In the right place... I now fly a single engine aircraft. I have dedicated myself over the last year to continuously evaluate if I am in a position to survive the loss of that one engine. When I take off, I fly as close as possible to the way the operators manual says I should, at max-continuous power, at best-climb speed, to an altitude allowing a safe landing should my engine fail. I deliberately fly as if the motor is going to quit, even though the odds are that my engine won't. If I am not in the right place, I try and get there as quickly as possible. My new flying style elicits comments from the back like, "wow, I never saw this view from such a high altitude," and "gee, things sure look different from way up here." This at two thousand feet above the ground! Why do we persist in flying so low?
(added 2/13/15: There is an increased industry/FAA interest in over water flight. If you fly a single engine helicopter over water without floats and vests, I recommend you fly at an altitude or on a path such that no person could ever misunderstand or question your ability to reach the nearest shore. Such a misunderstanding got an excellent pilot - who formerly flew the president of the United States - fired.)
By way of explanation...The odds of a sprag-clutch failing to engage on engine-start are probably a billion to one.
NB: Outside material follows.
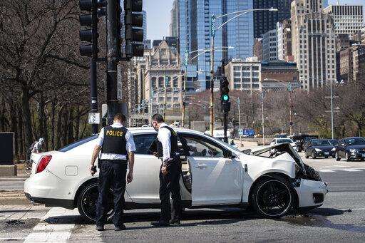 Chicago police investigate the scene of a shooting where a 2-year-old boy was shot in the head while he was traveling inside a car near Grant Park, Tuesday, April 6, 2021. (Ashlee Rezin Garcia/Chicago Sun-Times via AP)

That happened to me in a BK, and resulted in around a million dollars worth of damage to the aircraft I was in command of. I am not immune to bad fortune. If an engine is going to quit, I take it for granted that it's going to quit on me. I don't want to be in the wrong place when it happens.
With the right people... I heard a story not long ago about a crew heading out to do a PR flight. There was a seasoned pilot at the controls, and a seasoned crew in back. Sometime in flight, or perhaps after landing and on shutdown, the paramedic smelled fuel. He keyed up the mic and announced "I smell fuel." The pilot acknowledged the message and continued on with what he was doing. They shut down and got out, and the pilot wasn't taking any actions related to the fuel smell. The medic began to look into all the openings in the side cowls and observed fuel dripping from a filter assembly. He said, "hey, we have a fuel leak!" The pilot looked and said, "don't worry about it, it's just a drip, these things do that," and walked off to check out the PR.
Time passed and they prepared to leave. The medic asked the pilot again about the fuel leak, the pilot became irritated and told him to get in.
The medic sat still for the engine start and run-up, then announced, "Hey I forgot something, I have to get out for a second." The pilot went back to idle and the medic climbed back out and with his flashlight peered through the opening in the cowl. Jet fuel was spraying in a gusher from the filter assembly...
The flight team in question subsequently decided that this pilot wasn't "the right people," and they cut him loose. Pilots reading this are perhaps excoriating me right now, and to be sure any of the people involved with our work can have the "wrong stuff." Whatever - your job is to actively monitor who YOU are flying with and make sure they are right for you, and for your safety. And you friend have to be the right person too.
At the right time... Our business is one of extreme consequence. A failure or mistake by a surgeon might lead to the death of a patient. A failure by any of us might lead to the death of all of us. So there is no "right time" to do things right. We have to do the right thing every time. All the time. We might let things slip or cut a corner, and get away with it. That will lead us to slip more and more often and eventually we will get caught. Conversely we might let things slip once - and that will be the day... We just don't know - so our job has to be done deliberately, and thoughtfully, and cooperatively - right now
If you are going to fly for two decades, and you don't want to be one of the forty-percent, make sure you keep yourself in the right place, at the right time, with the right people.